* TASK INSTRUCTIONS: Transcribe the listing in full, excluding any pictures.

* GIVEN DATA:

=====

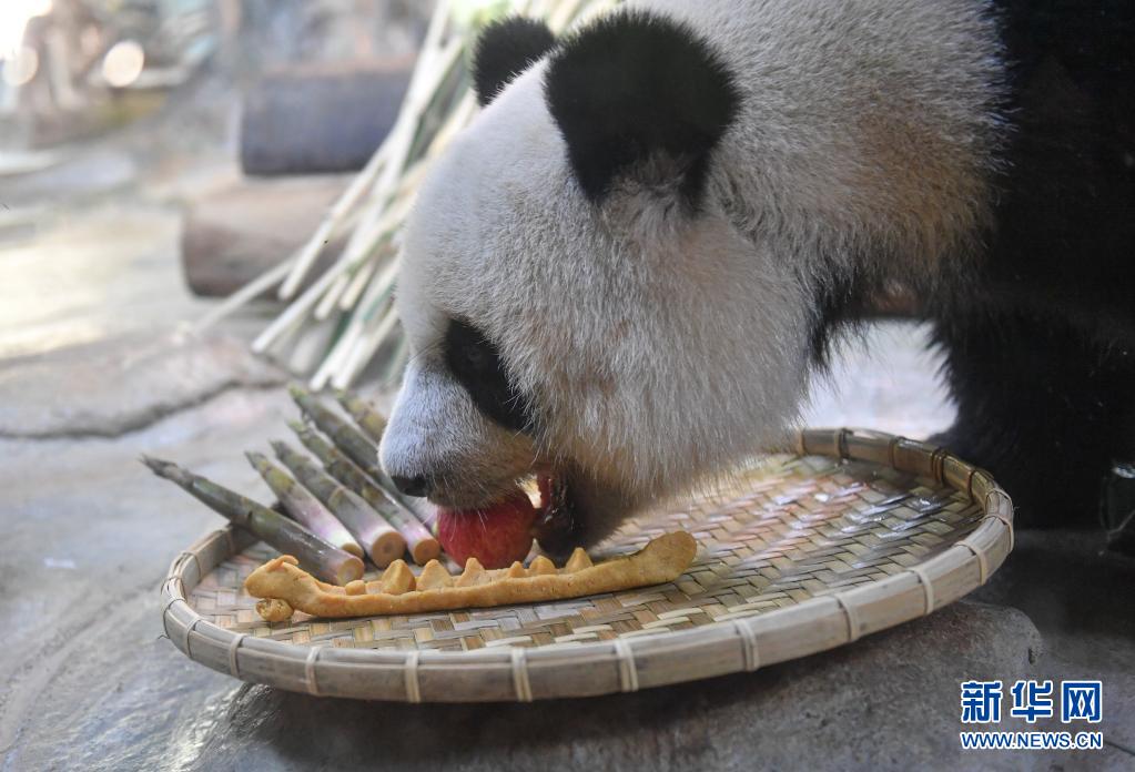 6月14日,在位于海口的海南热带野生动植物园,大熊猫“贡贡”享用美食。新华社记者 蒲晓旭 摄
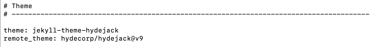 아래와 같이 theme, remote_theme 모두 해쉬태그 없이 만들어 준다.
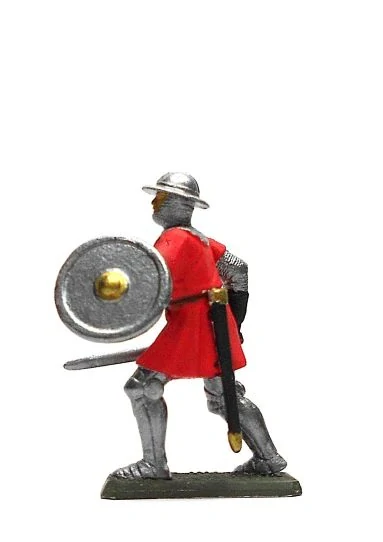 Zberateľská ručne vyrobená a ručne maľovaná cínová figúrka stredovekého anglického vojaka s mečom a kruhovýmštítom je zachytená v pohybe v bojovom postavení.
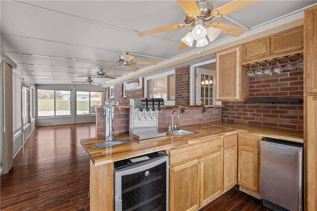 Welcome to this beautiful 3 bed, 2 full bath, stone ranch, minutes from Downtown. Refreshed from top to bottom, this home offers modern style, with indoor/outdoor living spaces that are hard to find. Step inside to discover fresh paint, new light fixtures, new doors with hardware, new trim and baseboards. The updated kitchen has ceramic tile flooring, new backsplash, stainless appliances, and under-cabinet lighting. Both full baths have been upgraded. The rear family room adds versatility with new LVP flooring and a fully equipped bar with storage, ice maker, and a beer tap; perfect for entertaining. New BALI window treatments add an elevated touch. The lower level includes a bonus room with new LVP, a freshly carpeted game room, and extra storage. Enjoy outdoor living with a kitchen with gas grill, sink, a gas line to a firepit, and a pergola w/ electric. An extra-long garage and double-wide drive provide ample parking and storage, while a 1-year home warranty adds peace of mind.

=====

* SOLUTION TO THE PROBLEM:
 6月14日,在位于海口的海南热带野生动植物园,大熊猫“贡贡”享用美食。新华社记者 蒲晓旭 摄
 아래와 같이 theme, remote_theme 모두 해쉬태그 없이 만들어 준다.
 Zberateľská ručne vyrobená a ručne maľovaná cínová figúrka stredovekého anglického vojaka s mečom a kruhovýmštítom je zachytená v pohybe v bojovom postavení.
 Welcome to this beautiful 3 bed, 2 full bath, stone ranch, minutes from Downtown. Refreshed from top to bottom, this home offers modern style, with indoor/outdoor living spaces that are hard to find. Step inside to discover fresh paint, new light fixtures, new doors with hardware, new trim and baseboards. The updated kitchen has ceramic tile flooring, new backsplash, stainless appliances, and under-cabinet lighting. Both full baths have been upgraded. The rear family room adds versatility with new LVP flooring and a fully equipped bar with storage, ice maker, and a beer tap; perfect for entertaining. New BALI window treatments add an elevated touch. The lower level includes a bonus room with new LVP, a freshly carpeted game room, and extra storage. Enjoy outdoor living with a kitchen with gas grill, sink, a gas line to a firepit, and a pergola w/ electric. An extra-long garage and double-wide drive provide ample parking and storage, while a 1-year home warranty adds peace of mind.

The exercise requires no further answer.